World's top intensive care body advises against remdesivir for sickest COVID-19 patients
In this March 2020 photo provided by Gilead Sciences, a vial of the investigational drug remdesivir is visually inspected at a Gilead manufacturing site in the United States. (Gilead Sciences via AP)
Antiviral remdesivir should not be used as a routine treatment for COVID-19 patients in critical care wards, the head of one of the world's top bodies representing intensive care doctors said, in a blow to the drug developed by U.S. firm Gilead.
Remdesivir, also known as Veklury, and steroid dexamethasone are the only drugs authorised to treat COVID-19 patients across the world. But the largest study on remdesivir's efficacy, run by the World Health Organization (WHO), showed on Oct. 15 it had little or no impact, contradicting previous trials.
In light of the new interim data from the WHO's Solidarity trial "remdesivir is now classified as a drug you should not use routinely in COVID-19 patients," the President of the European Society of Intensive Care Medicine (ESICM), Jozef Kesecioglu, said in an interview with Reuters.
Kesecioglu said the recommendation would be discussed in a scientific paper on COVID therapies that ESICM is preparing with the Society of Critical Care Medicine, another intensive care body, expected to be published by January.
The first version of the paper, released in March, said there was not enough information to recommend the use of remdesivir and other antivirals in critically ill COVID-19 patients.
Gilead, which has questioned the WHO's findings, said in an emailed statement: "We are confident that doctors on the front lines recognise the clinical benefit of Veklury based on robust evidence from multiple randomized, controlled studies."
ESICM represents thousands of anaesthesiologists, respiratory physicians, nurses and other critical care professionals in more than 120 countries.
While doctors and hospitals are not obliged to follow its advice, its recommendation could curb the use of remdesivir.
At the end of October, Gilead cut its 2020 revenue forecast, citing lower-than-expected demand and difficulty in predicting sales of remdesivir.
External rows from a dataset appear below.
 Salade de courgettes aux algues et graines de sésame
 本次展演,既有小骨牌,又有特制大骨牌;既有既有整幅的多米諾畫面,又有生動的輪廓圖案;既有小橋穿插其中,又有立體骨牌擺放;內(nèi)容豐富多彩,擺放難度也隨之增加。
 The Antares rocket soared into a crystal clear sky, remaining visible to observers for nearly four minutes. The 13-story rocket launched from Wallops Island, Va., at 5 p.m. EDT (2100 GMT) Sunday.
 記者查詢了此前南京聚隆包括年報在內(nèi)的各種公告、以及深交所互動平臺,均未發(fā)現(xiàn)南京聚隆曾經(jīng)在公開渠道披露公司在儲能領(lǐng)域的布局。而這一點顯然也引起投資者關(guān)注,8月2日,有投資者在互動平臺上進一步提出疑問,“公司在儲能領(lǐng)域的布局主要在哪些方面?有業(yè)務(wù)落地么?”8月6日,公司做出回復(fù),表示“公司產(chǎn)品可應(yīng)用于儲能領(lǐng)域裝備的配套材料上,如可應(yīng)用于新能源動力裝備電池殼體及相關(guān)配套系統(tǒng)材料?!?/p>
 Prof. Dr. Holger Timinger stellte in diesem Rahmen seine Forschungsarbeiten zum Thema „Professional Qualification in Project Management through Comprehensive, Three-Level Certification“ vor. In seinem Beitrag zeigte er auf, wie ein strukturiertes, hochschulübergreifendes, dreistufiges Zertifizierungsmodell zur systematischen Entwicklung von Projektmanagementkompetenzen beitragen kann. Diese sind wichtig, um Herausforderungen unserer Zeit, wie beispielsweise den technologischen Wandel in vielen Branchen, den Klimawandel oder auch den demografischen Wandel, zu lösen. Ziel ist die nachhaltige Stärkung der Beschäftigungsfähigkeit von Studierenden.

The drug remains, however, widely used in hospitals. It is authorised or approved for use in more than 50 countries and was one of the medicines administered to U.S. President Donald Trump when he tested positive for coronavirus in October.
The European Union signed a 1-billion-euro ($1.2 billion) deal with Gilead for 500,000 courses of remdesivir at 2,070 euros each, days before the Solidarity results.
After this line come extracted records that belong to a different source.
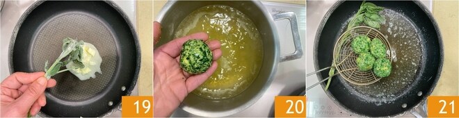 Entre-temps, dans une poêle, faites chauffer une noix de beurre, ajoutez des feuilles de sauge 19 et laissez infuser à feu doux. Faites cuire les canederli dans le bouillon désormais chaud pendant environ 10 minutes, ou jusqu'à ce qu'ils soient tendres 20. Ensuite, égouttez-les et faites-les sauter brièvement dans l'assaisonnement 21.
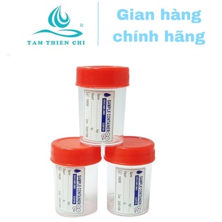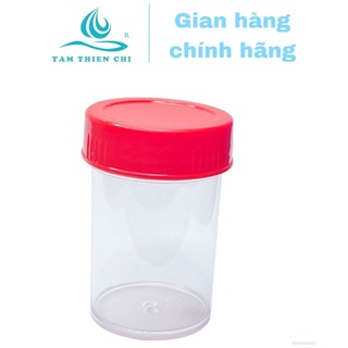Lọ nhựa đựng mẫu có nắp màu đỏ có nhãn Hồng Thiện Mỹ
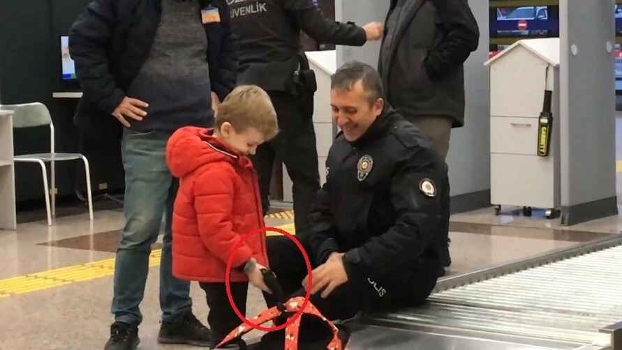 Babaannesi ve dedesini kutsal topraklara Umre yolculuğu için uğurlamaya Yenişehir Havaalanı'na gelen 6 yaşındaki Selim Köse, sırtındaki çantasını X Ray cihazına koyup geçiş yaptı. Röntgeni çekilen çantanın içerisindeki silahları farkeden polis sistemi durdurup çantayı gözetim altına aldı.

The deal does not oblige European countries to buy remdesivir, but governments decided to place large orders even after the Solidarity results, with Germany buying a big stock in November, saying the drug was useful, especially early in the course of the disease.
Kesecioglu said there was not enough data available about when remdesivir might be effective or for which patients, leading to the decision to discourage its routine use in intensive care.
This means doctors should use remdesivir only occasionally, and not as a standard treatment for COVID-19 patients.
Because of remdesivir's unclear benefits, the critical care department at the University Medical Center of Utrecht in the Netherlands, where Kesecioglu works, has not used it to treat COVID-19 patients, he said.
Ten months into the pandemic, a debate continues to rage in the medical industry about which drugs are best to treat hospitalised COVID-19 patients.
Remdesivir has potential side-effects on the kidneys, according to data shared by Gilead with the European Medicines Agency, which is assessing its possible toxicity.
Arnaud Hot, head of medicine at Edouard Herriot hospital in Lyon, France, told Reuters that some patients at his hospital had experienced kidney injury and so it was no longer using remdesivir, except in rare cases.
Kesecioglu said convalescent plasma, which is also experimentally administered to some COVID-19 patients despite not having been approved, was also not recommended by ESICM for routine intensive care use, as its benefits were unclear.
He added the potential side-effects of convalescent plasma - the liquid part of blood extracted from COVID-19 patients - were also not clear
In contrast, Kesecioglu said dexamethasone was recommended for use in hospitalised patients because there was sufficient information on its efficacy.